A study(pediatrics.aappublications.org) in the May issue of Pediatrics found that 98 percent of pediatricians and 81 percent of family physicians surveyed were aware of the interim recommendations during the shortage, but 22 percent of pediatricians and 33 percent of family physicians reported not deferring the booster.
Researchers said that physicians in both specialties were less likely to adhere to recommendations if they thought their practices had adequate supplies of Hib vaccine.
Merck & Co. Inc. recalled about 1 million doses of its Hib vaccines -- PedvaxHIB and the combination Hib/hepatitis B vaccine COMVAX -- in December 2007 after routine testing of equipment used to manufacture the vaccines identified the presence of the pathogen Bacillus cereus.
In response to the recall and resulting vaccine shortage, the CDC, the AAFP and the AAP recommended temporarily deferring the Hib booster in healthy children not at high risk for invasive Hib disease.
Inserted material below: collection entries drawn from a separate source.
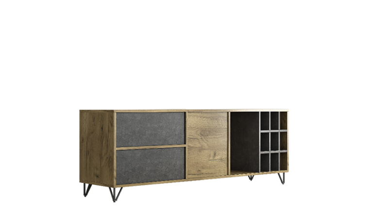 Μοντέρνος μπουφές με τεχνοτροπία σε απόχρωση φυσικού ξύλου και λεπτομέρειες σε τεχνοτροπία πέτρας. Έχει γκρι μεταλλικά πόδια και διαθέτει 3 ντουλάπια με μεγάλους αποθηκευτικούς χώρους και κάβα. Δυνατότητα επιλογής χρωμάτων.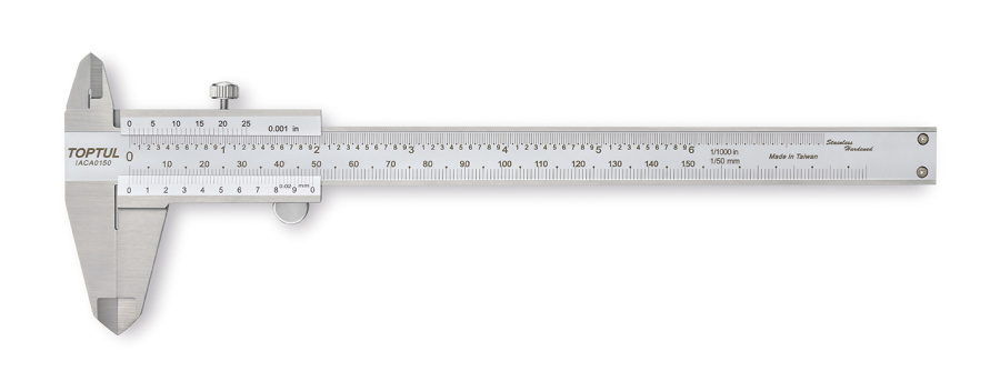 Штангенциркуль 150 мм 0,02 мм (IACA0150) предназначен для измерения наружных и внутренних размеров заготовки, глубины.
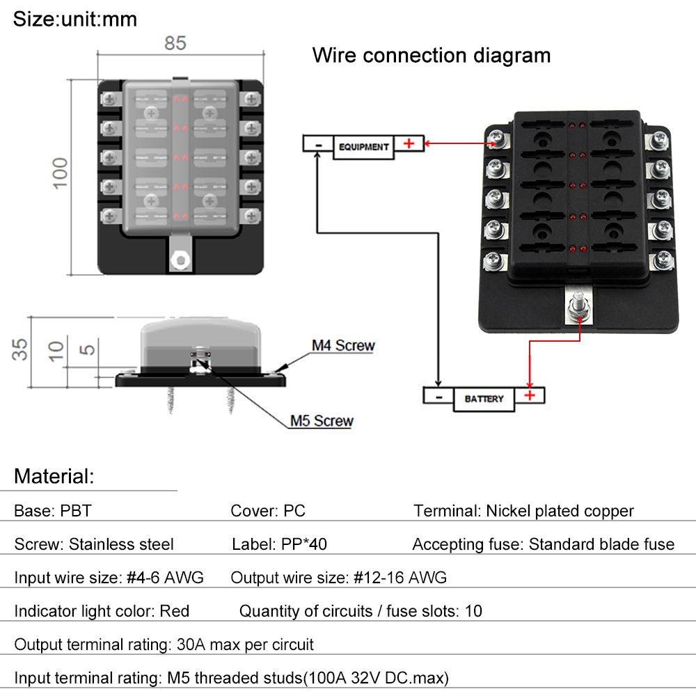 10 Way Blade Fuse Box with LED Indicator + 10Pcs Fuses + 10Pcs Terminals + 1Pcs decal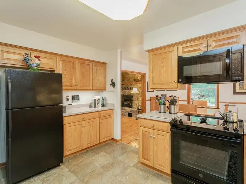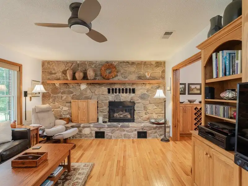 - Stone fireplace with gas log insert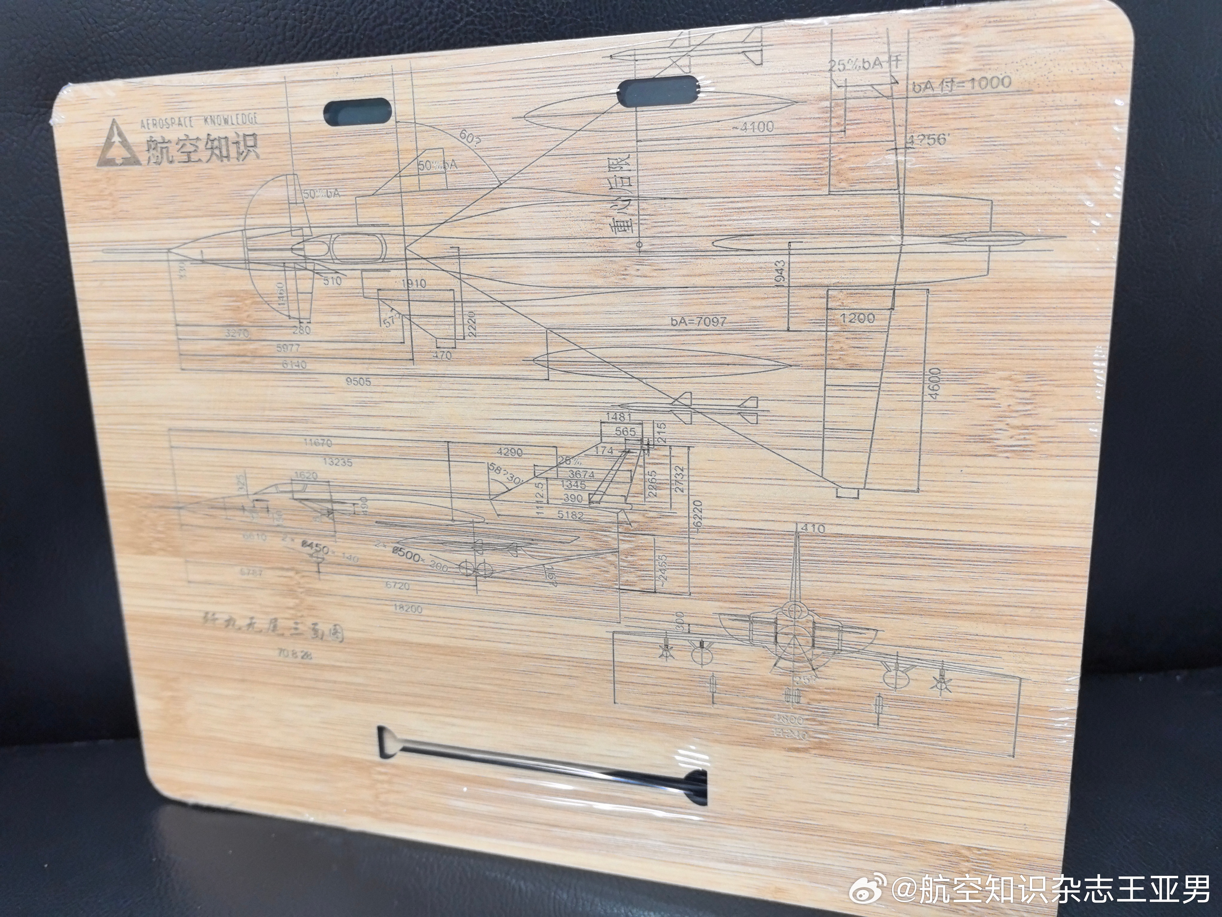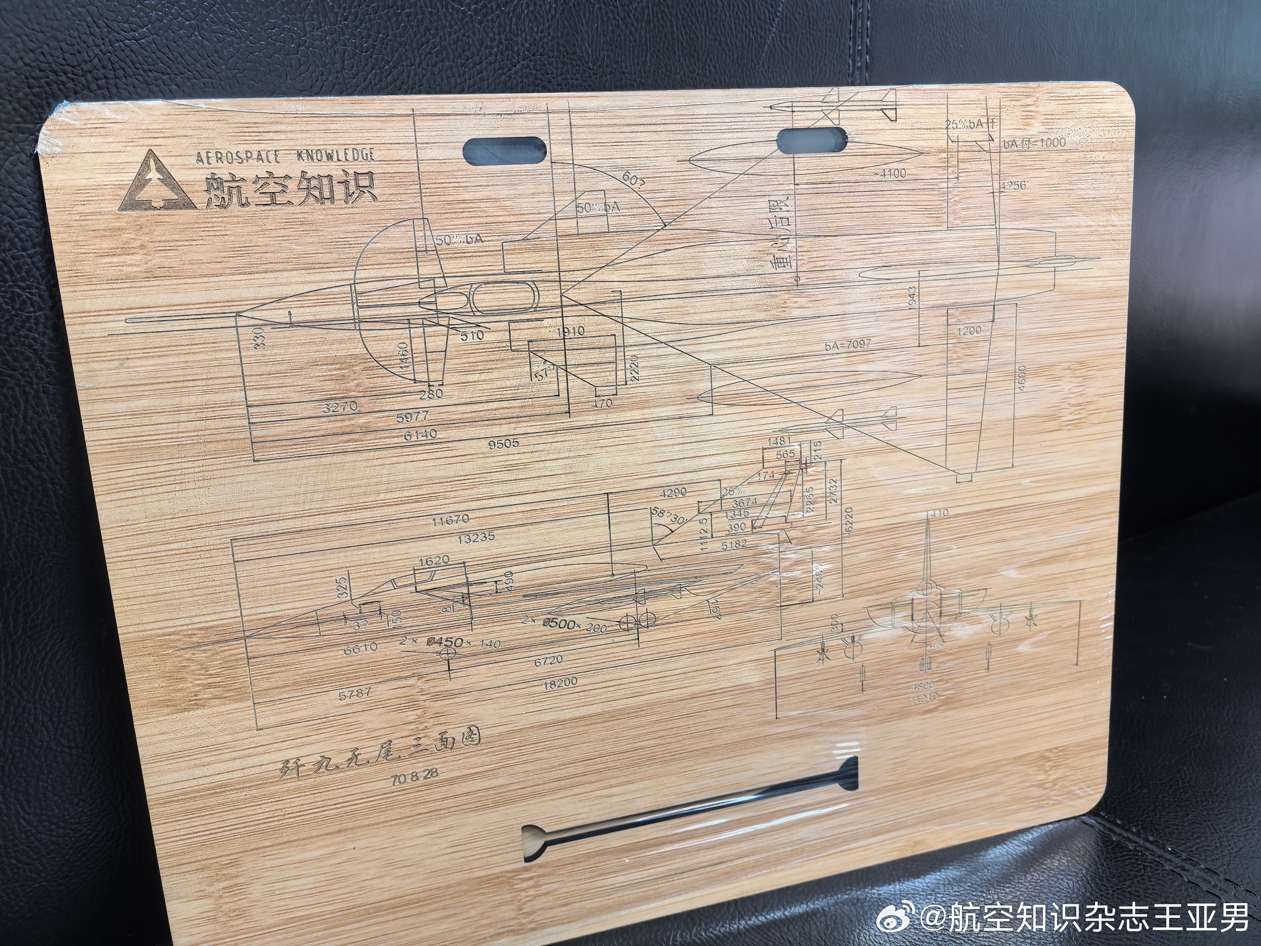 #航空创作计划# 2025年快过完的时候,突然在微博私信里发现一则留言。留言是一位女士发来的,她说自己的儿子很喜欢《航空知识》,想要2024年《航空知识》订阅时随刊附赠的月历托架,就是那款用激光雕刻有20世纪60年代歼9鸭式加“小胡子”前翼方案图案的那个。时间过去那么久,我印象里这款歼9“小胡子”前翼方案的背托早就没货了,但我还是找了市场部的同事,请他们去看看库存。同事们先是在库房搜罗了一圈,没有找到,库存显示也是零。我于是照此回复了那位女士。结果那边回复说孩子特别喜欢那个图案,虽然给他买了后来的歼20图案款还是不行,仍然对那个老款耿耿于怀。甚至于找遍了网络也没有发现货源——我们当年就做了那么一批用于附赠,并没有转售,别家自然没有。孩子急得不行,念着希望2025圣诞老人能在梦中满足他的愿望,弄得妈妈也有点焦虑。我这边也有点急,又找市场部让人家想想办法,市场部说即将盘库,到时所有货底子都会倒腾出来,看看有没有奇迹。结果这次翻腾真有奇迹,居然找到了一个当初制作时的封样样品——仅此一个。我立即回复那头说我们决定赠送给孩子,遂了他的愿望。我至今不清楚孩子为啥对那个老歼9方案如此偏好,也许是外形独特,也许是挂环设计,也许是他对那段曲折历史有所了解?无论如何,我们满足了一个小小爱好者的愿望,自己也很满足,很开心。

CDC officials further urged clinicians to track children in whom the booster was deferred so they could be recalled for immunization when the supply problem improved.
Merck subsequently suspended production of the two Hib-containing vaccines, and the interim recommendations stayed in place for more than 18 months.
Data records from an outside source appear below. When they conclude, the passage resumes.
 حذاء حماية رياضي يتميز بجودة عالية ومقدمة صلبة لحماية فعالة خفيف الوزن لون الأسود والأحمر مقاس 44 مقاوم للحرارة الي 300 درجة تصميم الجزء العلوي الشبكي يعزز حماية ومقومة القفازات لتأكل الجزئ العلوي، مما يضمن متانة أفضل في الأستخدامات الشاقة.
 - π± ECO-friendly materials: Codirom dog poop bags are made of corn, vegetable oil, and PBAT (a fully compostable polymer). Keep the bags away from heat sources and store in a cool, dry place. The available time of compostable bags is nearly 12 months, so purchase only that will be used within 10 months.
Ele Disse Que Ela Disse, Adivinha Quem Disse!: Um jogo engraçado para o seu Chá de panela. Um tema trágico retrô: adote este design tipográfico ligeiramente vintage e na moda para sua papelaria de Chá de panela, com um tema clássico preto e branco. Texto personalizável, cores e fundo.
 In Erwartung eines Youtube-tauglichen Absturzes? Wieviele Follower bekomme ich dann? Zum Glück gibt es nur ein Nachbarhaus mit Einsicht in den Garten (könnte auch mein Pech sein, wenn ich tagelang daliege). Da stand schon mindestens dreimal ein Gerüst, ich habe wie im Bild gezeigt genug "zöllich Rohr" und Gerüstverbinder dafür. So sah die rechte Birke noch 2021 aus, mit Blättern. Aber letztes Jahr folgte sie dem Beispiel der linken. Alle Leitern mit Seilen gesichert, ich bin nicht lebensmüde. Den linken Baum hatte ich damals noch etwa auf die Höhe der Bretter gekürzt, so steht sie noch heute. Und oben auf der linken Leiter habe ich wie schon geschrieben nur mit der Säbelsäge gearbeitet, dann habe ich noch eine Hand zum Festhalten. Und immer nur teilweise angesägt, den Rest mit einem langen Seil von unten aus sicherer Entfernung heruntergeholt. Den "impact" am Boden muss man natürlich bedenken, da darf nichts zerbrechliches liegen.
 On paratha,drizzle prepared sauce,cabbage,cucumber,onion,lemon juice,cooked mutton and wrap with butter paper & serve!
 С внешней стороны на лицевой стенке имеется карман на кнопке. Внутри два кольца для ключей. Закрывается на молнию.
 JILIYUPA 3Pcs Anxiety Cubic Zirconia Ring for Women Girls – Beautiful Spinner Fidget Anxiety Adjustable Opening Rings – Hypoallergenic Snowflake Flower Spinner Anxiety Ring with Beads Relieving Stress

The CDC, the Academy and the AAP reinstated the booster dose in June 2009 after vaccine manufacturer Sanofi Pasteur helped fill the Hib vaccine gap with increased distribution of its monovalent Hib vaccine, ActHIB, and its combined diphtheria, tetanus toxoids, acellular pertussis, inactivated poliovirus and Hib, or DTaP-IPV/Hib, vaccine, which is marketed as Pentacel.
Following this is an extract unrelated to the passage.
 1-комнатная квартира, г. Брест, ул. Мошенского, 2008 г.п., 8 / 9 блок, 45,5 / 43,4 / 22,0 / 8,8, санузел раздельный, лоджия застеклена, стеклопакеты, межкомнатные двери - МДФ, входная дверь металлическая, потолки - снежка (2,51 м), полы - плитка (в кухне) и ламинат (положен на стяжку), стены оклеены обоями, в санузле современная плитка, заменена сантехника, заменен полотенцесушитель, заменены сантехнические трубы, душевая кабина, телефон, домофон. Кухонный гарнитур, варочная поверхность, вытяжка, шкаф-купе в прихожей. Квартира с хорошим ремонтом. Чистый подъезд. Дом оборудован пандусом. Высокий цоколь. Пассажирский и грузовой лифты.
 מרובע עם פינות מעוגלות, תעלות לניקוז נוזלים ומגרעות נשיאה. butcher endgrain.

In August 2009, GlaxoSmithKline's monovalent Hib vaccine, Hiberix, was approved by the FDA for booster doses in children ages 15 months to 4 years, further alleviating the shortage. Soon thereafter, the CDC recommended that physicians recall children who had not received a Hib booster dose.
Merck's PedvaxHib returned to the market in January 2010, but COMVAX remains unavailable. (Editor's Note: COMVAX returned to the market in August 2010.)
According to the Pediatrics study, during the prolonged shortage, 73 percent of pediatricians and 45 percent of family physicians who treat children reported insufficient Hib vaccine supplies, and more than 20 percent of physicians in both specialties reported having to defer doses in the primary series for infants 2-6 months old.
In addition, 21 percent of pediatricians and 37 percent of family physicians surveyed said they thought the interim recommendations were unclear. However, the study's researchers hypothesized that the lack of clarity actually had less to do with the recommendations themselves than it did with the varying formulations of the Merck and Sanofi vaccines and the fact that the competing products required different numbers of doses to complete their respective primary series.
Regardless, the authors contended that the difficulties such vaccine shortages impose on primary care practices, coupled with the potential for losing ground in the battle against once-prevalent vaccine-preventable diseases, "point to the need for national policy efforts to stabilize vaccine supplies."